Considering both quarks and antiquarks, we reach the scale of undecillion (10^36).
Meanwhile, the total number of particles in the universe approximates 10^100, also known as the googol. And when we consider all possible configurations of those particles, the count reaches about 10^303—aka a centillion. If one takes C^C^C patterns—raising C to the power of C raised to the power of C—that begins to approach the number of possible shuffled lives across all possible particle configurations.
- 1 Centillion: all particle configurations (all possible states of the universe).
- 1st power: relationships between universe-states (a static network of correlations).

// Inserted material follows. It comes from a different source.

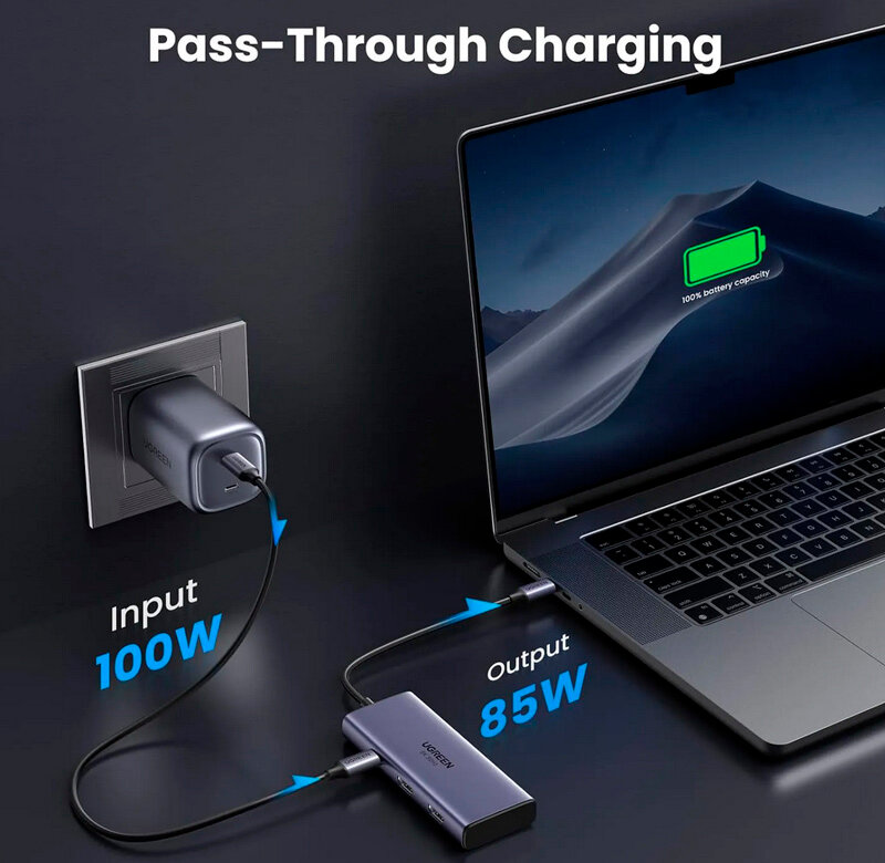 | Дополнительная информация | Конвертер UGREEN CM498 USB-C to 2USB-A 3.0+USB-C 3.0+2HDMI+PD port предлагает широкий спектр возможностей подключения, включая два порта HDMI, порт USB-C PD мощностью 100 Вт, порт данных USB-C 5 Гбит/с и два порта данных USB-A. Наслаждайтесь двумя дисплеями с разрешением 4K 60 Гц для эффективной многозадачности и творческих рабочих процессов. Обратите внимание, macOS не поддерживает режим MST. Два порта HDMI обеспечивают потрясающее разрешение 8K при 30 Гц с великолепной детализацией и яркими цветами, дополняя ваш визуальный контент. порт USB-C PD поддерживает сквозную зарядку мощностью до 85 Вт. |

- 2nd power: all sequences of universe-states → “all conceivable timelines” (every possible flow of time).
- 3rd power: reconfigurations of the flows of time themselves—meta-time or logs of history rewriting.
Hyperoperation allows description of numbers far exceeding even towers of such powers. Tetration and pentation dwarf C^C^C. For instance, “3 ↑↑↑↑ 3” (a four-level power tower) describes numbers beyond conventional comprehension.
Graham’s number takes us further still—an even more extreme way to describe gigantic numbers.
And beyond all of that, infinity lies in a realm utterly detached from finite but immense numbers.
Humans have harnessed solar-system-level cycles—like the 365-day year—for daily life. Yet we have not chunked, nor made palm-sized applications out of scales capable of describing the entire universe or all possible configurations thereof.
In other words, being able to conceptually operate with units such as googol, centillion, hyperoperations, or Graham’s number implies the scale potential to redesign the entire universe from scratch.
TANAAKK aims to make these colossal numbers consumable and convertible, fitting them into palm-sized applications. This vision of Kimicos—“your cosmos explodes in the palm of your hand”—is where TANAAKK began. It may become the first public computational good for Earth, the Solar System, and perhaps even the Milky Way.
The act of observing what the future has become, altering past actions, and recognizing history itself has been rewritten essentially places our comfort zone within the colossal number domain of C^C^C^C. Reaching such a state of free will requires skillful transcendence of real-world constraints.